Peristiwa Daerah

Setahun Lebih Berstatus Waspada, Warga Paham Hidup Berdampingan dengan Gunung Merapi

Rabu, 12 Juni 2019 - 08:40 | 52.91k
Gunung Merapi (FOTO: Dokumen TIMES Indonesia)
Gunung Merapi (FOTO: Dokumen TIMES Indonesia)

TIMESINDONESIA, SLEMAN – Lebih dari setahun status Gunung Merapi di perbatasan DIY dan Jawa Tengah berada pada level dua (waspada). Status tersebut ditetapkan oleh Pusat Vulkanologi dan Mitigasi Bencana Geologi (PVMBG) pada 21 Mei 2018.

Status waspada menunjukkan mulai meningkatnya aktivitas seismik dan mulai muncul kejadian vulkanik. Pada level ini mulai terlihat perubahan visual sekitar kawah. Terjadi gangguan magmatik, tektonik, atau hidrotermal. Namun diperkirakan tidak terjadi erupsi dalam jangka waktu tertentu.

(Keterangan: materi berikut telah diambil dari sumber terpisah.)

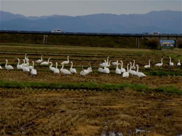 「白鳥の落ち穂拾い」が見られます。
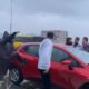 Sürücüler arasında yol verme nedeniyle çıkan kavga anları bir vatandaşın cep telefonu kamerasına yansıdı. Görüntülerde sürücüler arasında yaşanan tartışmanın kavgaya döndüğü anlar görülüyor.Çevredekilerin araya girmesiyle kavga sona eriyor.

Kondisi tersebut tentu menjadi perhatian berbagai pihak, terutama bagi Badan Penanggulangan Bencana Daerah (BPBD) Kabupaten Sleman. Lembaga pemerintah non-departemen ini yang melaksanakan tugas penanggulangan bencana. Baik level pemerintah tingkat provinsi maupun kabupaten/kota, mereka berpedoman pada kebijakan yang ditetapkan Badan Nasional Penanggulangan Bencana (BNPB).

“Meski kondisi lapangan relatif tenang, Pemda Sleman terus berupaya membangun komunikasi dan menumbuhkan kesadaran masyarakat. Terutama menyangkut bencana serta kewaspadaan mereka,” kata Kepala Pelaksana BPPD Kabupaten Sleman Drs Joko Supriyanto M.Si kepada TIMES Indonesia, Selasa (11/6/2019).

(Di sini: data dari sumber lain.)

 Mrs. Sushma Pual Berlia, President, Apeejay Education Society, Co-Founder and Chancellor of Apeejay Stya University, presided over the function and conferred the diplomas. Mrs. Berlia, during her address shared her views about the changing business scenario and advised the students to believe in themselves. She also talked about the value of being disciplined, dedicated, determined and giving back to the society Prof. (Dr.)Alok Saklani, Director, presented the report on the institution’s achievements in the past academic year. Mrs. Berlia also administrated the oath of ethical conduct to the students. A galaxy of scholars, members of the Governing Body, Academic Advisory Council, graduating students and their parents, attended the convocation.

Kepala-Pelaksana-BPPD-Kabupaten-Sleman-Drs-Joko-Supriyanto.jpgKepala Pelaksana BPPD Kabupaten Sleman Drs Joko Supriyanto. (FOTO: Fajar Rianto/TIMES Indonesia)

BPBD Sleman terus melakukan sosialisasi, penilaian bahaya, pengecekan sarana, maupun pelaksanaan piket terbatas. Pedesaan lereng Merapi sudah terbentuk Desa Tangguh Bencana. Sekolah daerah rawan bencana juga dibentuk Sekolah Siaga Bencana.

Mereka mengetahui, bagaimana cara mensikapi erupsi Gunung Merapi. Selain itu telah terlasang 17 alat peringatan dini atau Early Warning System (EWS). Alat ini otomatis akan berbunyi jika Merapi memasuki status awas. Titik kumpul masing-masing dusun dan jalur evakuasi sudah ditetapkan. Sehingga masyarakat lereng Merapi sudah paham harus lari ke mana jika bencana terjadi.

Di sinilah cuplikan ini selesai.